■ Your instructions ■
In the material below, find the line containing "Winter Wonderland: Serene" and the line containing "Located on floors". Output those two lines and all lines between them exactly, without pictures.

■ Provided material ■
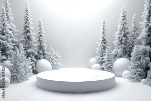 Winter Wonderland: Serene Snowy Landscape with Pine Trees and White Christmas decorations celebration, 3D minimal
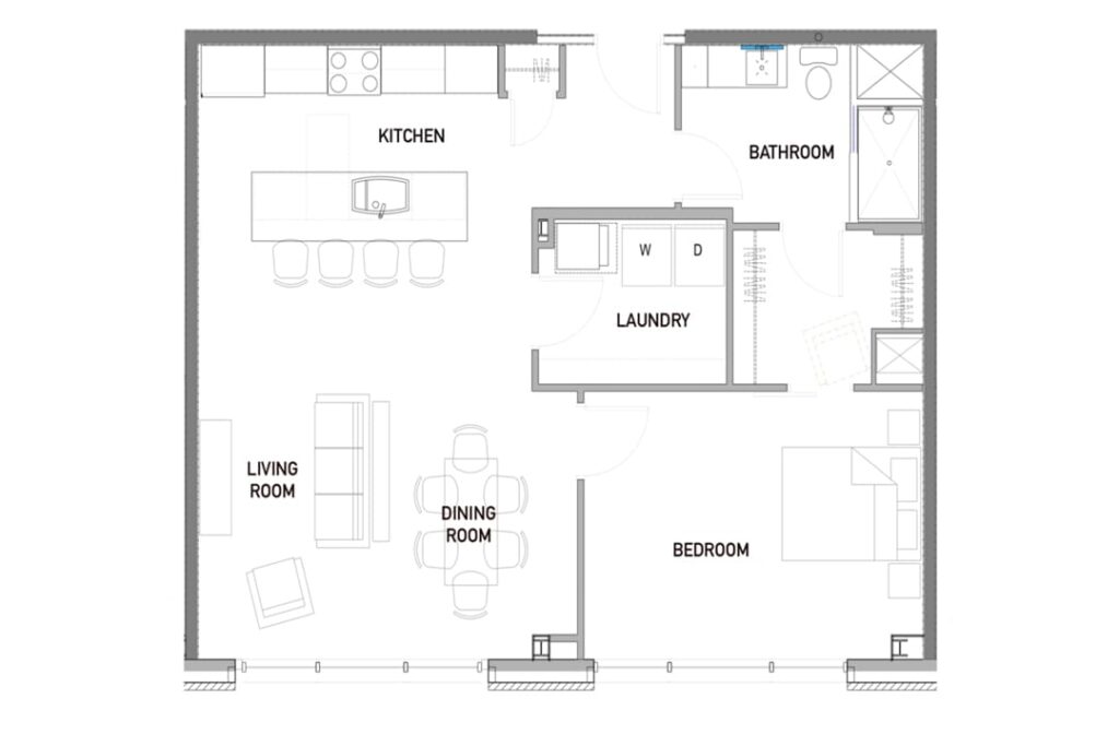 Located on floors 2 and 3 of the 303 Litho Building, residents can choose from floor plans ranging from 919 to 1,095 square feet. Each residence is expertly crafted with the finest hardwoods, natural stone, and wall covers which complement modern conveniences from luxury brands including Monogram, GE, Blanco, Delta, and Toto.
* * *
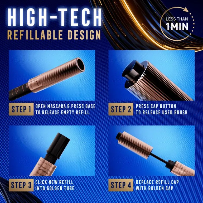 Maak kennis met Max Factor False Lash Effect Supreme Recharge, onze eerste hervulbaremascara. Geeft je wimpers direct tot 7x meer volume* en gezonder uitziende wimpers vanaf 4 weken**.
...
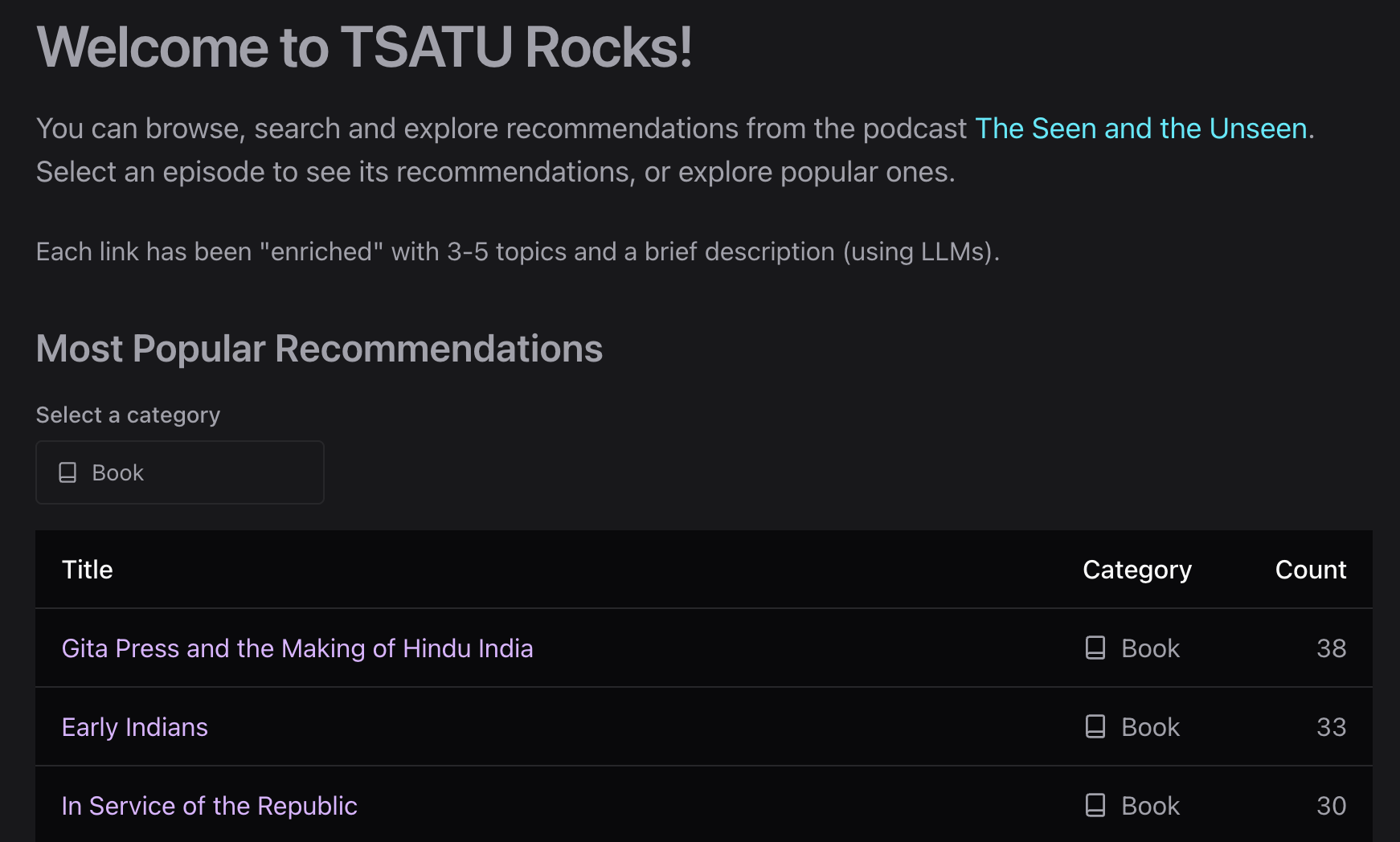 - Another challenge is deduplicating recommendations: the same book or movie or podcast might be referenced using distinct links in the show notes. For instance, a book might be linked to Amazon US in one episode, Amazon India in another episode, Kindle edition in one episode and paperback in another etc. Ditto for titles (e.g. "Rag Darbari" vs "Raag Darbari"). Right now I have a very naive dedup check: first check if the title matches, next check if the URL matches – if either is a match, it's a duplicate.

■ Finished task ■
 Winter Wonderland: Serene Snowy Landscape with Pine Trees and White Christmas decorations celebration, 3D minimal
 Located on floors 2 and 3 of the 303 Litho Building, residents can choose from floor plans ranging from 919 to 1,095 square feet. Each residence is expertly crafted with the finest hardwoods, natural stone, and wall covers which complement modern conveniences from luxury brands including Monogram, GE, Blanco, Delta, and Toto.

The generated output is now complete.